The NVM Awards are now open to all Filipino writers in English in two categories: the best published short-story of the year, and the best published first short-story of a writer. The first category carries the grand prize of P50,000.00 and the second, for a writer's first published short-story, P25,000.00. All short-stories in English published within the period of October 1, 2000 to October 15, 2001 are eligible. The deadline for submission is October 30, 2001. All editors of university and college journals and magazines, as well as editors of national magazines, are also encouraged to submit their choice of entries for the Awards. Regarding the second category, a notarized statement that it is the writer's first published short-story, is required.
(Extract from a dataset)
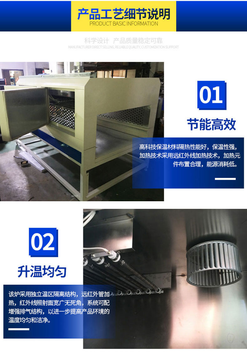 【產(chǎn)品優(yōu)勢】:智能操控,節(jié)能省電,紅外線烘烤,高溫烘烤,按需定制
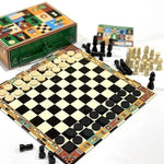 Jogo de Xadrez e Damas, com peças em madeira e livro de instruções.

All entries must be submitted in five (5) copies, including the original published form, to:

NVM Awards, c/o aklat@la-ru-an
2/F FBR Arcade, 317 Katipunan Ave.,
Loyola Heights, Quezon City
Philippines 1108.

The Awards ceremonies will be on December 8. For inquires, call Bang, 435-4573 (11a.m.-7p.m.). The Awards honor the late National Artist for Literature NVM Gonzalez's abiding love for the short-story, and seek to preserve and encourage excellence in this genre among Filipino Writers. His evocative imagery and sympathetic portrayals of humble Filipinos altered the course of Filipino writing in English.

The first NVM Award went to Menchu Aquino Sarmiento last year for her short-story, "Good Intentions 101: SY '72-'73".